Race Time Predictor

Recent race time → predicted time at another distance, plus pace targets. Uses the Riegel formula (1981), the industry standard.

Predicted

Estimated finish time

Pace per mile

Pace per km

Predictions across distances

The Riegel formula

T₂ = T₁ × (D₂ / D₁)^1.06

Pete Riegel (1981, Runner's World) fit empirical race data and found that the 1.06 exponent — slightly above 1 — captures the typical "tax" of going longer. Race pace drops as distance grows, but not as much as a naive linear extrapolation would suggest.

When Riegel is accurate

Best between 5K and marathon. Less accurate for very short sprints (where pace is dominated by neuromuscular speed) and for ultras (where fueling, terrain, and time on feet matter more than aerobic capacity).

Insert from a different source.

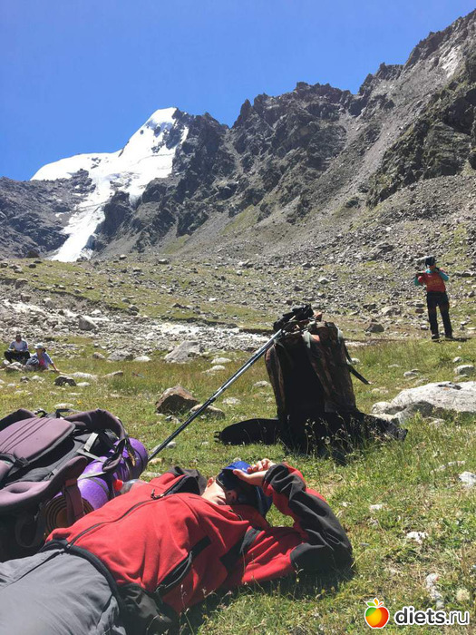Живем в палатках, вполне комфортно. Только там очень не хватает времени на себя, я только книгу успеваю читать перед сном. Про английский совсем уж забыла, тренировки тоже. Хотя они сейчас и не очень нужны, активности хватает. 10000 шагов я делаю до 12 дня)) Питаюсь как хочу, с группой это каши по утрам, на обед суп, вечером второе. Ем хлеб, колбасу и майонез)) Штаны всё равно спадают. У участников были умные часы, которые измеряют всё подряд, так вот, во время восхождения показали расход 3000 калорий!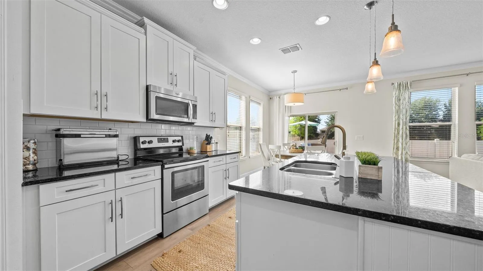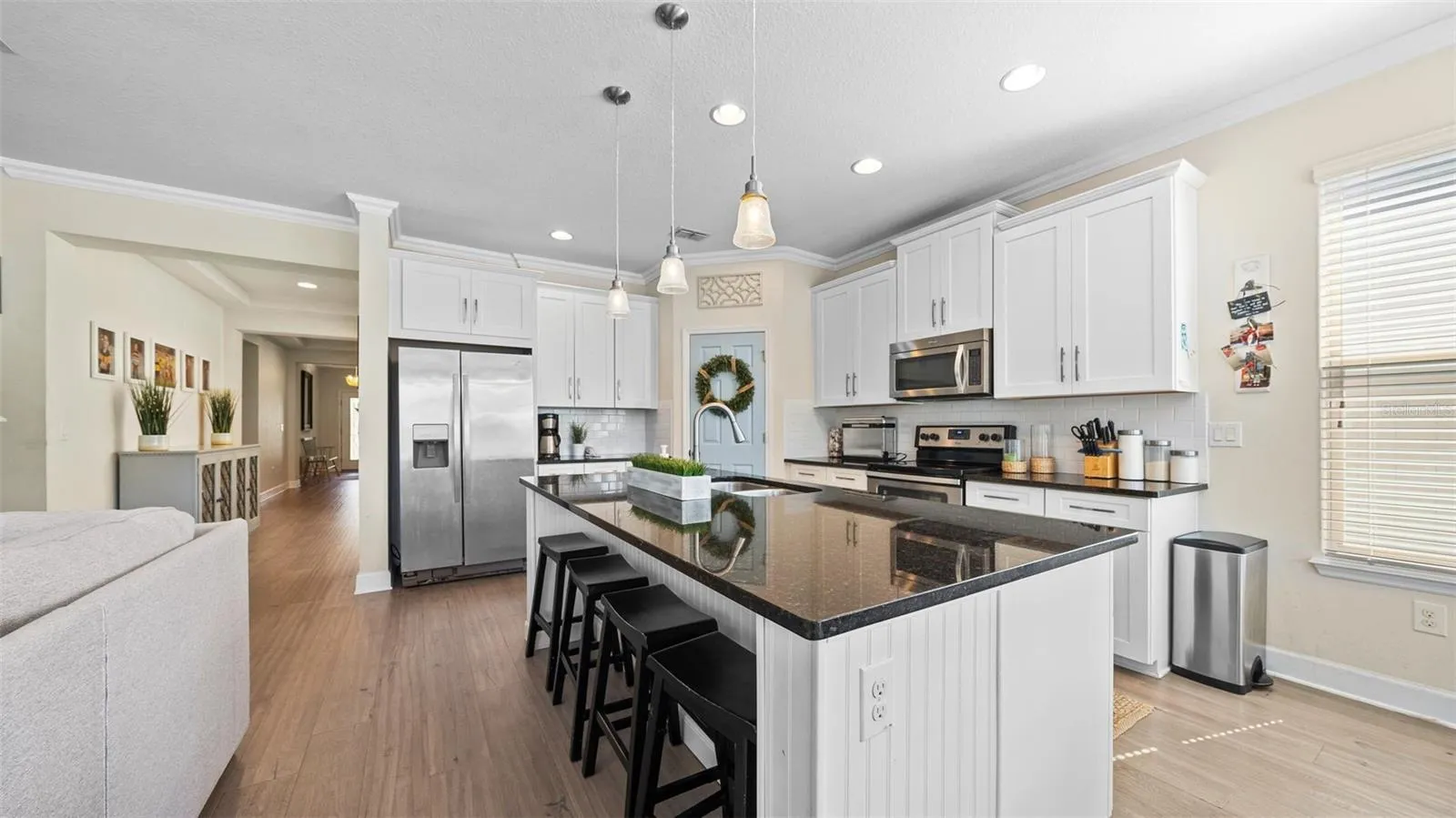 - Ceiling Fans(s), Crown Molding, Open Floorplan, Walk-In Closet(s), Eat-in Kitchen, Kitchen/Family Room Combo, Primary Bedroom Main Floor, Split Bedroom, Window Treatments, High Ceilings, Stone Counters, Solid Surface Counters, Tray Ceiling(s), Chair Rail

The catch: training matters

Riegel assumes you've trained for the target distance. A solid 5K runner who hasn't done long runs above 10 miles will not run the Riegel-predicted marathon — they'll blow up at mile 18. The formula tells you what your current aerobic capacity supports; the marathon also requires endurance you have to build separately.

Other predictors

Daniels' VDOT tables are more nuanced (account for VO₂ max, training zones, lactate thresholds) but require more inputs. McMillan's calculator is similar to Riegel under the hood. For quick predictions in races you've trained for, Riegel is reliable enough.